Personal information
- Full name: Arnab Das Sharma
- Date of birth: 20 December 1987 (age 37)
- Place of birth: Balli, Howrah, India
- Height: 6 ft 0 in (1.83 m)
- Position(s): Goalkeeper

Senior career*
- Years: Team / Apps / (Gls)
- 2007–2008: George Telegraph
- 2008: Air India FC
- 2008–2009: Kingfisher East Bengal
- 2009–2010: Air India(loan)
- 2010–2011: Salgaocar SC
- 2011–2012: United Sikkim FC
- 2012–2013: Mohammedan
- 2013: Mumbai Tigers
- 2014: Mohammedan
- 2014: Atlético de Kolkata
- 2016: Mohun Bagan / 1 / (0)
- 2016: Mumbai City / 0 / (0)
- 2017: Minerva Punjab / 11 / (0)
- 2017–2018: Delhi Dynamos / 3 / (0)
- 2018–2019: Gokulam Kerala / 10 / (0)
- 2019–2020: Bhawanipore / 13 / (0)
- 2021–2022: Southern Samity / 1 / (0)
- Velsao Sports /  / (0)

= Arnab Das Sharma =

Indian footballer (born 1987)

Arnab Das Sharma (অর্ণব দাস শর্মা; born 20 December 1987) is an Indian football player.

==Career==

===Youth===
Sharma stepped into club level football at the age of 13, joining Kalighat Club in Kolkata after successfully giving a trial there. He continued to play for the team until he was selected to play for the youth team at Rajasthan Football Club, Kolkata.

===Professional===

====George Telegraph SC====
After a successful youth career, Sharma was picked up by George Telegraph SC, one of Kolkata's major football teams and continued to play for the team in the Calcutta Football League.

====Air India====
Goalkeeper coach Somen SinghaChowdhury sent this immensely talented player to Air India FC coach Bimal Ghosh. Signing for the Mumbai-based club was Sharma's debut in the I-League, India's highest football league.

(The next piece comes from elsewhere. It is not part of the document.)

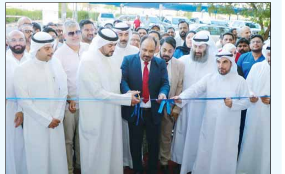
مسؤولو الشركة خلال قص شريط الافتتاح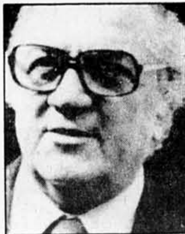
Federico Fellini tournera pour la première fois aux Etats-Unis.

Federico Fellini se déclare fasciné depuis des années par America . «Kafka, qui n'était jamais allé aux Etats-Unis, explique-t-il, a réussi à décrire ce pays en suggérant des images qui sont celles des premiers documentaires de l'histoire du cinéma, des premiers films muets américains».

====Kingfisher East Bengal====
In the year 2008, having had a series of brilliant displays in goal, Kolkata giants East Bengal FC approached the youngster and he finally signed for the team. This season was not one to remember for Sharma, having fallen to 2nd choice to India no. 1 Subrata Paul.

====Back to Air India====
The following year, hearing of the keepers availability, Air India FC wasted no time in signing Sharma (on loan), making it his second-stint with the team. Regaining his starting place in the I-League, Air India performed well and Sharma was said to have single-handed rescued the team on numerous occasions.

====Salgaocar SC====
Observing his fantastic display, Salgaocar SC did not think twice before bringing the Bengali lad to Goa from Air India. The green outfit were said to have the best keeper combination in the league with Karanjit Singh and Arnab Das Sharma in the same team.
In a match against former club East Bengal, an error by Sharma which allowed East Bengal's Australian striker Tolgay Ozbey to score led to an argument between him and Salgaocar's Moroccan coach Karim Bencherifa.

====United Sikkim FC====
After having a disastrous year in Goa, Sharma had offers from a few I-League and a few Kolkata-based clubs but he opted to join I-League 2nd Division outfit United Sikkim FC, the team owned by iconic footballer Baichung Bhutia and sponsored by Bollywood playback singer Shankar Mahadevan and Dubai-based company Fidelis World.

====Mohammedan Sporting Club====
In January 2012 he signed to Mohammedan Sporting Club from Kolkata for 2nd Division I-league.

====Mohun Bagan Athletics Club====
In June 2015, he signed to Mohun Bagan Athletics Club from Kolkata for 1st Division I-league.